Give back, word for word, the lines in the listing below from the one holding "Rascarse es un" down to the one holding "秦淮香煙系江蘇中煙出品,烤煙", both ends included.

◆ **Source records**:
---

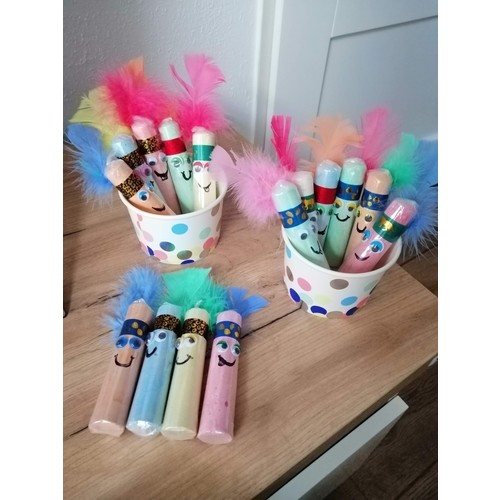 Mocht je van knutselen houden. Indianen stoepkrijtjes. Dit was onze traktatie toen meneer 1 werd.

---

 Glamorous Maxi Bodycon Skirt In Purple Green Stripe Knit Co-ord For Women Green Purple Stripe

---

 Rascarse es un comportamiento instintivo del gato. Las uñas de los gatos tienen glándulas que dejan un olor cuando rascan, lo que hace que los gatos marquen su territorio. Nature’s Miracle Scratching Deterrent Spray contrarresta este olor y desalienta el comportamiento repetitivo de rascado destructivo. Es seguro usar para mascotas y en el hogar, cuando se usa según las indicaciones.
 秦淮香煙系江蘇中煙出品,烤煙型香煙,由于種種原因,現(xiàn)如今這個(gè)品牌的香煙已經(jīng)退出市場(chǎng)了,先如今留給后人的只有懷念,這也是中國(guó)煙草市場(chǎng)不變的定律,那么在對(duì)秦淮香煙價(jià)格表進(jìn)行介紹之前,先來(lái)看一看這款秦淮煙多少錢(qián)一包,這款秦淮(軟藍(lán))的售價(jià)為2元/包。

---

◆ **Result of this exercise**:
 Rascarse es un comportamiento instintivo del gato. Las uñas de los gatos tienen glándulas que dejan un olor cuando rascan, lo que hace que los gatos marquen su territorio. Nature’s Miracle Scratching Deterrent Spray contrarresta este olor y desalienta el comportamiento repetitivo de rascado destructivo. Es seguro usar para mascotas y en el hogar, cuando se usa según las indicaciones.
 秦淮香煙系江蘇中煙出品,烤煙型香煙,由于種種原因,現(xiàn)如今這個(gè)品牌的香煙已經(jīng)退出市場(chǎng)了,先如今留給后人的只有懷念,這也是中國(guó)煙草市場(chǎng)不變的定律,那么在對(duì)秦淮香煙價(jià)格表進(jìn)行介紹之前,先來(lái)看一看這款秦淮煙多少錢(qián)一包,這款秦淮(軟藍(lán))的售價(jià)為2元/包。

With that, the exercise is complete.